On the issue of labor, for example, for Debs the key is for working people to organize and to think of themselves as voting for their class interest, and to organize at the site of the workplace to demand more access to the goods that are being produced by American abundance. I have a hard time really understanding what Trump is actually offering, aside from nativism — and at this point not even that. Mostly, all I’m hearing is his claim that he’s won the 2020 election.

What do you think is valuable about reckoning with Debs’ legacy today?

Freeberg: There was a time in our history when our conception about the range of political possibilities was much wider, when the Socialist Party was active and a meaningful voice in the conversation. Many of their ideas about reform were adopted and absorbed, and are now considered to be a commonplace part of the fabric of our society (the other parts being too radical, the ideas about state control of the means of production).

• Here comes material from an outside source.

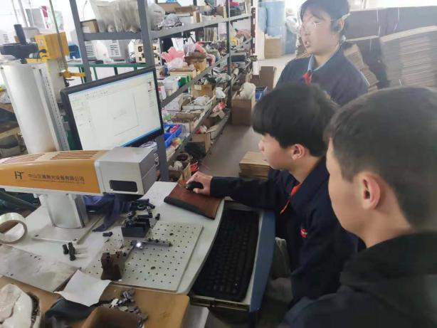 学员在尝试对工件进行激光打字。

But it forced the conversation in directions that, I think, made grappling with the problems of the day much richer for society than we have now.

One of the drawbacks of the Red Scare — the first one that shut down the Socialists in the 1920s, not to mention the 1950s — is that it made that socialist tradition seem like an alien force in American life, rather than recognizing that there was this long, radical socialist tradition that very much emerges out of and is part of the American democratic tradition.